Gold Headed for Biggest Weekly Rise in 4 Months

RUSSIA

Gold perched near a 3-1/2-week high on Friday, underpinned by safe haven demand on the fear of a potential financial meltdown in Cyprus. The crisis has put bullion on track to stage its biggest weekly rise in four months.

FUNDAMENTALS 

Spot gold was little changed at $1,614.74 an ounce by 0008 GMT, after rising to a 3-1/2-week high of $1,616.36 in the previous session.

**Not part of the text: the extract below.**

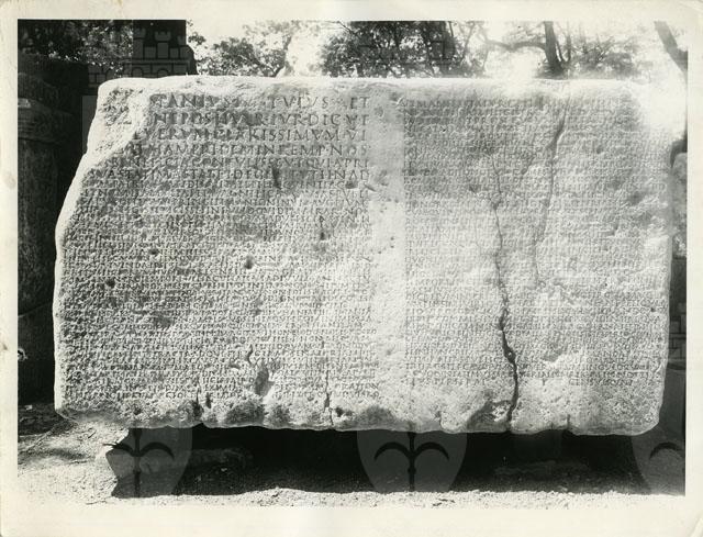 Basamento di statua equestre con iscrizione. Il pezzo è stato rinvenuto murato nelle mura medievali nei pressi della porta di San Lorenzo a Trieste, è stato successivamente portato nel 1539 nell'odierna piazza Unità d'Italia per essere esposto come antichità ed è attualmente conservato presso l'Orto Lapidario del Museo civico di Storia ed Arte. Sulla fronte reca l'iscrizione onoraria di Lucio Fabio Severo, un giovane senatore dell'epoca di Antonino Pio, mentre sul fianco, qui ritratto, è stato scolpito su due colonne il decreto approvato durante la seduta del consiglio municipale in cui si stabilirono e si giustificarono i riconoscimenti per il senatore. Il basamento si data al 138/161 d.C.

The metal was headed for a weekly gain of about 1.5 percent in its third weekly ascent, its biggest weekly rise in four months. * U.S. gold traded nearly flat at $1,614.20.

Holdings of SPDR Gold Trust, the world's largest gold-backed exchange-traded fund, fell 0.902 tonnes from the previous session to 1,221.26 tonnes on March 21, the lowest since July 2011. The fund is headed for a twelfth week of outflows.

Worries about Cyprus's finances resurged, as the European Union gave the country till Monday to raise the billions of euros it needs to clinch an international bailout or face the collapse of its financial system and likely exit from the euro currency zone.

Lawmakers in Cyprus postponed until Friday a debate on emergency legislation tabled by the government to confront the island's financial crisis, saying they needed more time for consultations.

In the United States, a string of data on Thursday on the labour market, factory activity and home sales pointed to a growing momentum in the U.S. economy in the first quarter.

The U.S. House of Representatives eliminated the threat of a government shutdown next week, approving on Thursday a stop-gap funding bill that eases partisan tensions after months of bitter fights over budgets.

The new governor of the Bank of Japan said the central bank is ready to use all means available, including buying longer-term assets, to achieve its 2 percent inflation target, underlining his resolve to beat nearly two decades of grinding deflation.